Error callback is only triggered once progam exits

1danielcoelho commented 1 year ago

Hello!

I'm playing around with basic C++ native WebGPU apps using Dawn (and Vulkan backend) following your guide, and I've set the error callbacks like this:

wgpuDeviceSetUncapturedErrorCallback(Globals::device, Impl::on_device_error, nullptr);

With a callback that looks like this:

void on_device_error(WGPUErrorType type, char const* message, void* pUserData)
{
    std::cout << "Uncaptured device error: type " << magic_enum::enum_name<WGPUErrorType>(type);
    if (message)
    {
        std::cout << " (" << message << ")";
    }
    std::cout << std::endl;
}

So basically exactly like it says here: https://eliemichel.github.io/LearnWebGPU/getting-started/the-device.html

From the text, I get the impression that these callbacks should fire as soon as there's any form of error, and I should be able to see them on the console while my app runs.

Unfortunately only when I close the app that it seems that these error messages are flushed and on_device_error called, which makes it very annoying. I'd like to see the errors streaming on the console while they happen and my app continues to run.

This happens even if I launch with a debugger and put a breakpoint within on_device_error, so it is likely something related to Dawn itself because other regular std::cout calls work fine and output as my app runs.

I've tried setting the DAWN_DEBUG_BREAK_ON_ERROR environment variable, but it doesn't seem to have any effect (and I can't even find that env var mentioned on Dawn source?)

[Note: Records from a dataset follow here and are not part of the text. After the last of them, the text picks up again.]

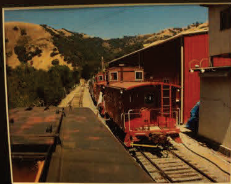
LOOKING OUT OF THE CAB, SUBSEQUENT TO BEING UP ON THE TRACKS. THE TWO AT&SF CABOOS CLASS 4871 CABOOS IN THE FOREGROUND. BRIGHTSIDE, NILES CANYON RAILWAY.

1st Place was Eugene Brichacek's Cab Shot of Two AT&SF Cabooses on the Niles Canyon Railway at Brightside;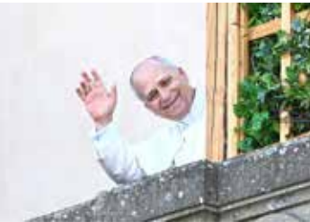
Pope Leo XIV

Pope Leo XIV's childhood home has been sold to the village where he grew up, which intends to make it a historical site, local media reported Friday. The modest brick home in the Chicago suburb of Dolton, pop-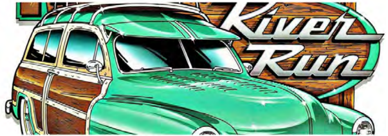
Rod Run - Kick Back in Kernville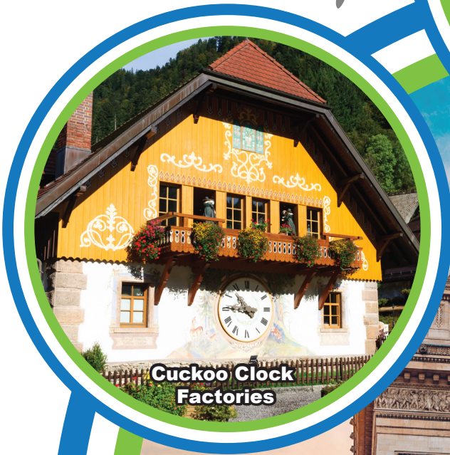
Cuckoo Clock Factories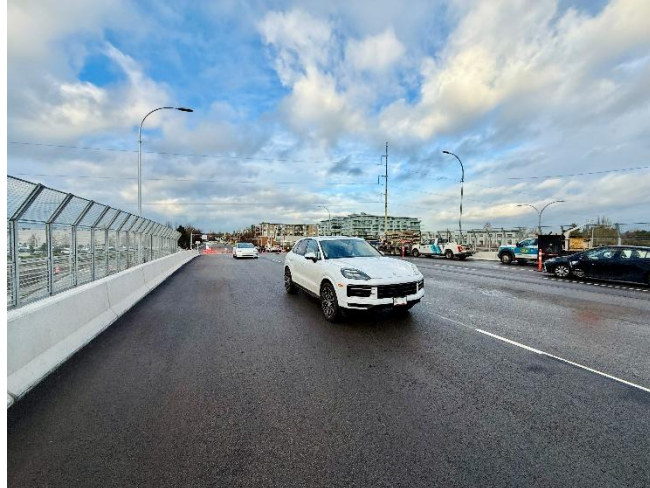
Figure 3: Vehicles on the new interchange the morning it opened all five lanes to traffic, December 23, 2025.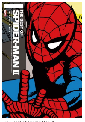
The Best of Spider-Man II ©2024 MARVEL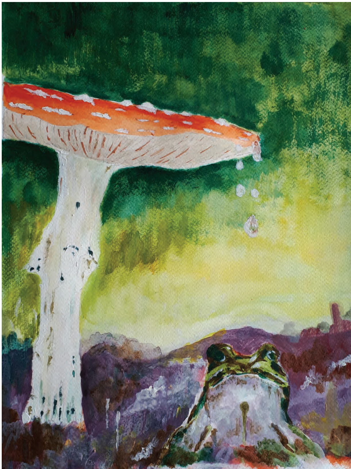
'Time for a Splash' – Painting, Acrylics Colin Wood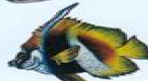
Masked Banner Fish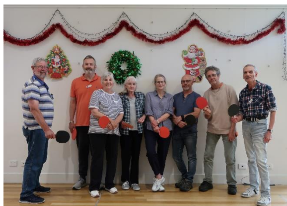
Some of the Table Tennis 'Crew'

We are a friendly fun group always ready to welcome new players. Depending on the number of players we play both doubles and singles and rotate so everybody gets to team up and/or play against everyone else. If you have not played before or maybe you are a bit rusty, don't worry as we will be only too pleased to give you some guidance and practice time so that you can ease into the game or maybe find your old form. Bats are provided or you can bring your own.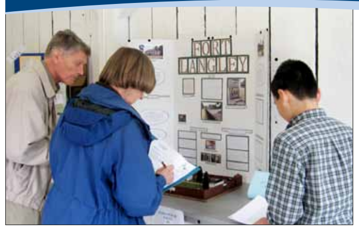
Volunteer judges at Heritage Fair.

Our seven school programs continue to enjoy growing popularity. Ten themed youth camps were offered during Spring Break and the summer months. One new camp debuted in 2010 -Archeology Explorers. Campers got the chance to use a mock excavation unit and participate in other archaeology-themed activities. Several workshops were also offered for the general public. New workshops were well attended: a child and parent wall hanging quilting workshop and a cookie cutters workshop just in time for the winter holiday season. The forge was open throughout the year with new students signing up for all four levels of blacksmithing. Cemetery walking tours continued at Forest Lawn and New Westminster cemeteries. The museum offered walking tours of Burnaby Heights and Grace Ceperley gardens, while our Haunted Deer Lake walking tour enjoyed an eight-day run. Finally, special tours were prepared for BC Power Pioneers, SFU International Teachers Training Program, and SFU Teacher Training. Once again the UFCW chose the museum for its annual family event and saw a record number of participants.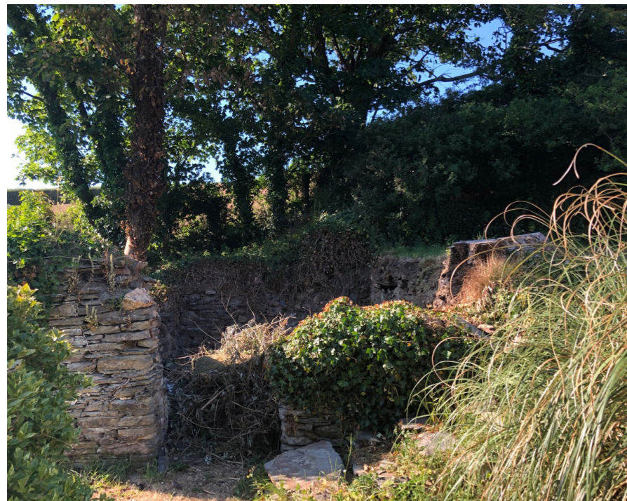
View of what's left of the old outbuilding stub walls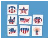
Put Tattoos on The Kids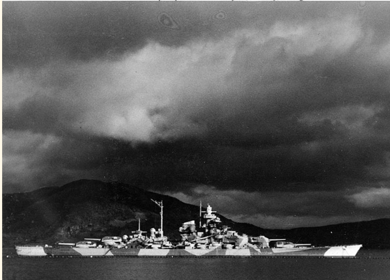
Photo # NH 71390 German battleship Tirpitz in the Alta Fjord, Norway, during World War II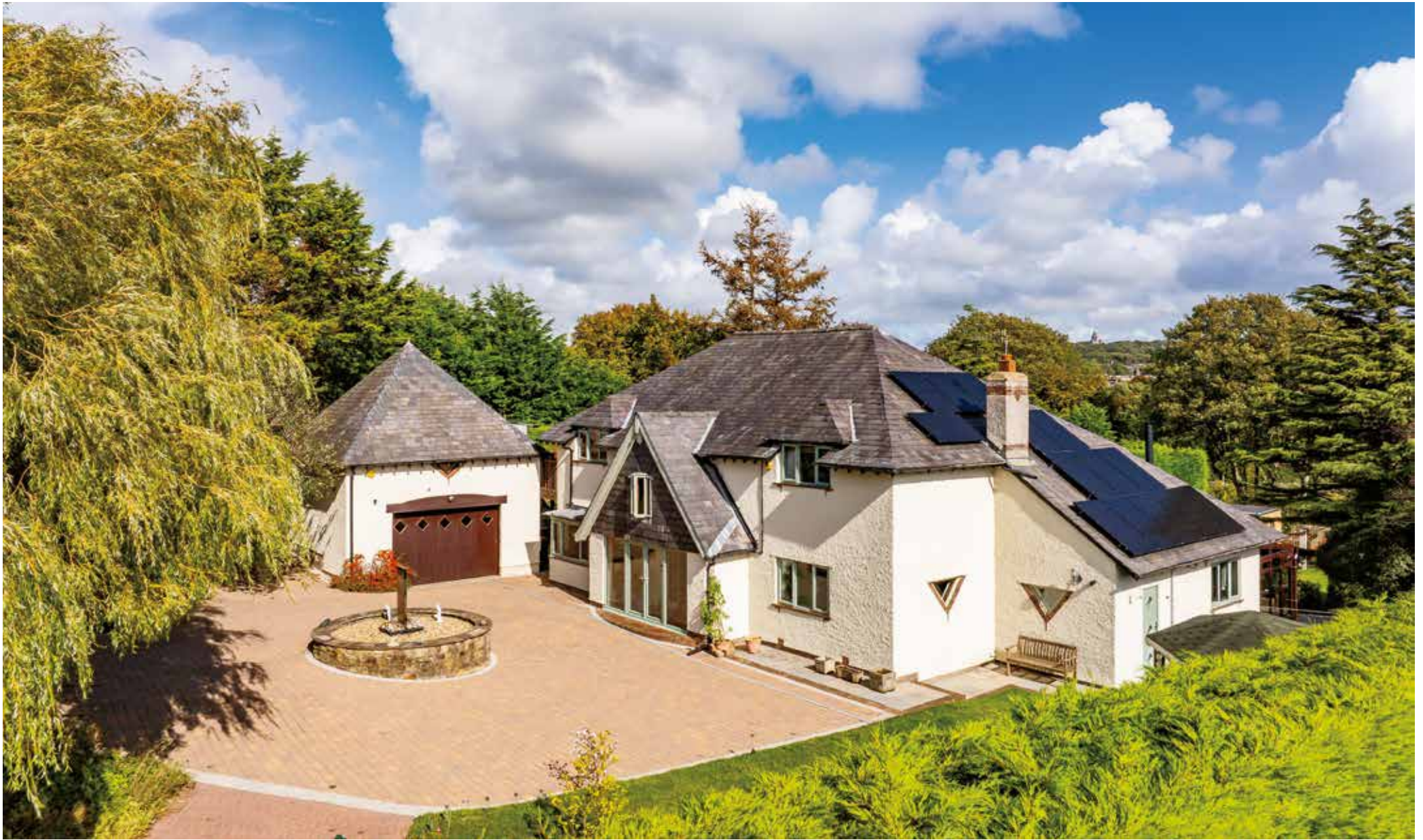
White Lodge Edenbreck Dales | Lancaster | Lancashire | LA1 5LQ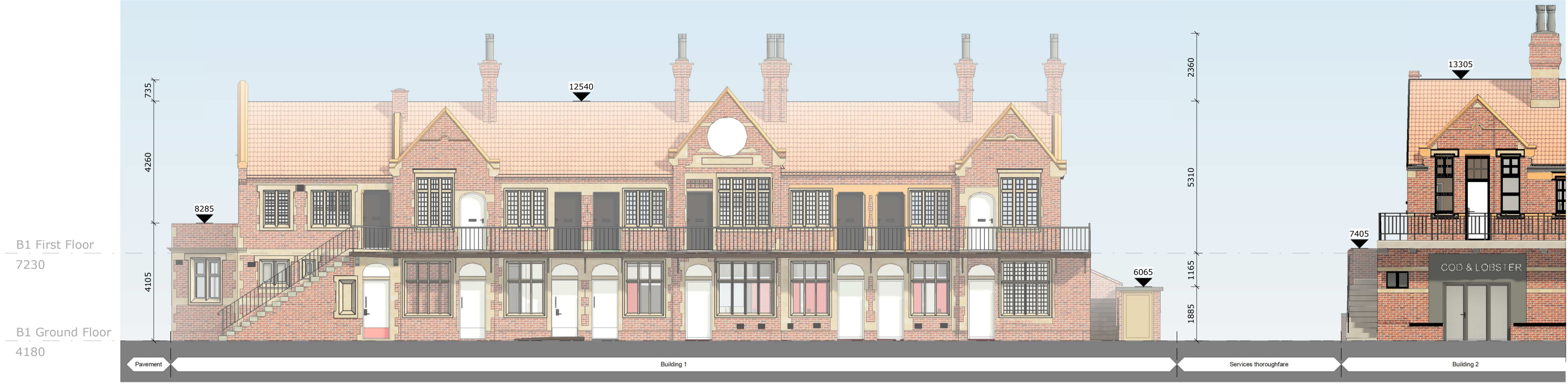
B1 - Existing Front Elevation (South West) SCALE: 1 : 100

I've had a look at the callstack when on_device_error is called (after my app exits) and it looks like this:

app.exe!Impl::on_device_error(WGPUErrorType type, const char * message, void * pUserData) Line 324 (e:\Projects\test\src\renderer\renderer.cpp:324)
app.exe!dawn::native::DeviceBase::HandleError::__l23::<lambda>() Line 571 (e:\Projects\test\third_party\dawn\build\Win64\Debug\_deps\dawn-src\src\dawn\native\Device.cpp:571)
app.exe!std::invoke<void <lambda>(void) &>(dawn::native::DeviceBase::HandleError::__l23::void <lambda>(void) & _Obj) Line 1565 (c:\Program Files\Microsoft Visual Studio\2022\Community\VC\Tools\MSVC\14.35.32215\include\type_traits:1565)
app.exe!std::_Invoker_ret<void>::_Call<void <lambda>(void) &>(dawn::native::DeviceBase::HandleError::__l23::void <lambda>(void) & _Func) Line 674 (c:\Program Files\Microsoft Visual Studio\2022\Community\VC\Tools\MSVC\14.35.32215\include\functional:674)
app.exe!std::_Func_impl_no_alloc<void <lambda>(void),void>::_Do_call() Line 834 (c:\Program Files\Microsoft Visual Studio\2022\Community\VC\Tools\MSVC\14.35.32215\include\functional:834)
app.exe!std::_Func_class<void>::operator()() Line 875 (c:\Program Files\Microsoft Visual Studio\2022\Community\VC\Tools\MSVC\14.35.32215\include\functional:875)
app.exe!dawn::native::`anonymous namespace'::GenericFunctionTask::HandleShutDownImpl() Line 30 (e:\Projects\test\third_party\dawn\build\Win64\Debug\_deps\dawn-src\src\dawn\native\CallbackTaskManager.cpp:30)
app.exe!dawn::native::CallbackTask::Execute() Line 44 (e:\Projects\test\third_party\dawn\build\Win64\Debug\_deps\dawn-src\src\dawn\native\CallbackTaskManager.cpp:44)
app.exe!dawn::native::CallbackTaskManager::Flush() Line 114 (e:\Projects\test\third_party\dawn\build\Win64\Debug\_deps\dawn-src\src\dawn\native\CallbackTaskManager.cpp:114)
app.exe!dawn::native::DeviceBase::FlushCallbackTaskQueue() Line 1854 (e:\Projects\test\third_party\dawn\build\Win64\Debug\_deps\dawn-src\src\dawn\native\Device.cpp:1854)
app.exe!dawn::native::DeviceBase::WillDropLastExternalRef() Line 325 (e:\Projects\test\third_party\dawn\build\Win64\Debug\_deps\dawn-src\src\dawn\native\Device.cpp:325)
app.exe!dawn::native::RefCountedWithExternalCount::APIRelease() Line 28 (e:\Projects\test\third_party\dawn\build\Win64\Debug\_deps\dawn-src\src\dawn\native\RefCountedWithExternalCount.cpp:28)
app.exe!dawn::native::NativeDeviceRelease(WGPUDeviceImpl * cSelf) Line 1069 (e:\Projects\test\third_party\dawn\build\Win64\Debug\_deps\dawn-build\gen\src\dawn\native\ProcTable.cpp:1069)
app.exe!wgpuDeviceRelease(WGPUDeviceImpl * device) Line 342 (e:\Projects\test\third_party\dawn\build\Win64\Debug\_deps\dawn-build\gen\src\dawn\dawn_proc.c:342)
app.exe!Renderer::release_renderer() Line 1221 (e:\Projects\test\src\renderer\renderer.cpp:1221)
app.exe!main(int __formal, char * * __formal) Line 294 (e:\Projects\test\src\main.cpp:294)
app.exe!invoke_main() Line 79 (d:\a\_work\1\s\src\vctools\crt\vcstartup\src\startup\exe_common.inl:79)
app.exe!__scrt_common_main_seh() Line 288 (d:\a\_work\1\s\src\vctools\crt\vcstartup\src\startup\exe_common.inl:288)
app.exe!__scrt_common_main() Line 331 (d:\a\_work\1\s\src\vctools\crt\vcstartup\src\startup\exe_common.inl:331)
app.exe!mainCRTStartup(void * __formal) Line 17 (d:\a\_work\1\s\src\vctools\crt\vcstartup\src\startup\exe_main.cpp:17)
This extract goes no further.